Ready-Made Pipelines

Haystack comes with a number of predefined pipelines that fit most standard search patterns, allowing you to build a QA system in no time. Here's a list of the out-of-the-box pipelines Haystack offers.

πŸ“˜

Pipelines as Agent tools

You can use the following ready-made pipelines as tools for your agent:

  • WebQAPipeline
  • ExtractiveQAPipeline
  • DocumentSearchPipeline
  • GenerativeQAPipeline
  • SearchSummarizationPipeline
  • FAQPipeline
  • TranslationWrapperPipeline
  • QuestionGenerationPipeline

ExtractiveQAPipeline

Extractive QA is the task of finding the answer to a question in a set of documents by selecting a segment of text.
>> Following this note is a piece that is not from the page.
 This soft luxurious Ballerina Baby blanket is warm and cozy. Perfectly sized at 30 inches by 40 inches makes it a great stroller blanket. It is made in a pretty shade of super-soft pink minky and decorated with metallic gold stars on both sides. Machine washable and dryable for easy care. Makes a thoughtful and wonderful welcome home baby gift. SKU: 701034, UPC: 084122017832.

The ExtractiveQAPipeline combines the Retriever and the Reader such that:

  • The Retriever combs through a database and returns only the Documents it thinks are the most relevant to the query.
  • The Reader accepts the Documents the Retriever returns and selects a text span as the answer to the query.
pipeline = ExtractiveQAPipeline(reader, retriever)
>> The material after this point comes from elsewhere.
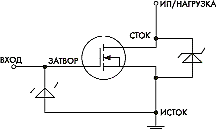 Переходные процессы в затворе МОП-транзистора часто происходят из-за разрядов электростатического электричества (ESD). Установка TVS-диода между затвором и истоком позволит защитить МОП-транзистор от входных переходных процессов. В этом случае рекомендуется устанавливать TVS-диод со значением обратного напряжения, превышающим входное напряжение МОП-транзистора. Для подавления ESD рекомендуется использовать TVS-диоды TRANSZORB® со значением максимально допустимой импульсной мощности (Pppm ) — 400 Вт. Схема, иллюстрирующая эти методы защиты, показана на рис. 33.

query = "What is Hagrid's dog's name?"
result = pipeline.run(query=query, params={"Retriever": {"top_k": 10}, "Reader": {"top_k": 1}})

The Underlying Pipeline Structure

Here's what the pipeline looks like under the hood:

pipeline = Pipeline()

pipeline.add_node(component=retriever, name="Retriever", inputs=["Query"])
pipeline.add_node(component=reader, name="Reader", inputs=["Retriever"])

result = pipeline.run(query=query, params={"Retriever": {"top_k": 10}, "Reader": {"top_k": 1}})

The output of the pipeline is a Python dictionary with a list of Answer objects stored under the answers key. These provide additional information such as the context from which the Answer was extracted and the model’s confidence in the accuracy of the extracted Answer.

You can use the print_answers() function to cleanly print the output of the pipeline.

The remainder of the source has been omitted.